En anglais, on peut citer les équivalents sleep a wink, lift a finger, ou hurt a fly. La distribution des minimiseurs en anglais mimique celle des items de polarité négative. Chierchia (2013:58) donne des exemples où ils sont autorisés par la négation, l'antécédent d'une conditionnelle ou un prédicat adversatif (refuse, mais pas accept). Chierchia (2013:59) note aussi que certains des minimiseurs semblent plus restreints dans leur distribution, sans que la raison en soit apparente.

L'anglais n'a pas de négation bipartite, et la négation not dérive du mot négatif nothing, 'rien'.


A ne pas confondre

Les minimiseurs sont à distinguer des diminutifs, suffixaux, kazhig 'petit chat', ou adjectivaux, un arguzenn skañv 'un argument léger'. Dans la littérature anglophone, ils sont cependant parfois appelés aussi minimizeurs.

Les minimiseurs doivent aussi être distingués des atténuateurs.


Terminologie

Le terme anglais de minimizer, ou minimiseur en français, remonte à Bolinger (1972).

En breton, minimiser se traduit par disteraat, ce qui donne pour minimiseur disteraenn, nf.


Bibliographie

  • Bolinger, Dwight. 1972. Degree words.
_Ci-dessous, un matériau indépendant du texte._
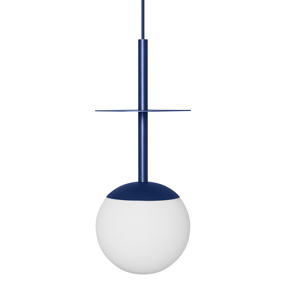 • lampa sufitowa, lampa wisząca • materiał wykonania metal, szkło • kolor granatowy (Sapphire Blue RAL 5003) • długość 160cm • długość przewodu 110cm • szklany klosz w kolorze białym matowym fi 20cm • maskownica sufitowa lakierowana w kolorze granatowym strukturalnym fi 12cm • metalowy krążek fi 20cm • przewód dwużyłowy 2 X 0.75mm2 w oplocie granatowym poliestrowym • gwint E27 • max 15W • IP20

The Hague: Mouton.
  • Chierchia, Gennaro. 2013. Logic in Grammar: Polarity, Free Choice, and Intervention, Oxford Studies in Semantics and Pragmatics, Oxford University Press.
  • Fauconnier, 1975. xxx
  • Rooryck, J. 2008. On the scalar nature of syntactic negation in French. (ms.)
  • Schmerling, Susan. 1971. 'A note on negative polarity', Papers in linguistics 4, 200-206.
  • Willis, David. 2013. 'Negation in the history of the Brythonic Celtic languages', David Willis, Christopher Lucas & Anne Breitbarth (éds.), The History of Negation in the Languages of Europe and the Mediterranean, 239-298.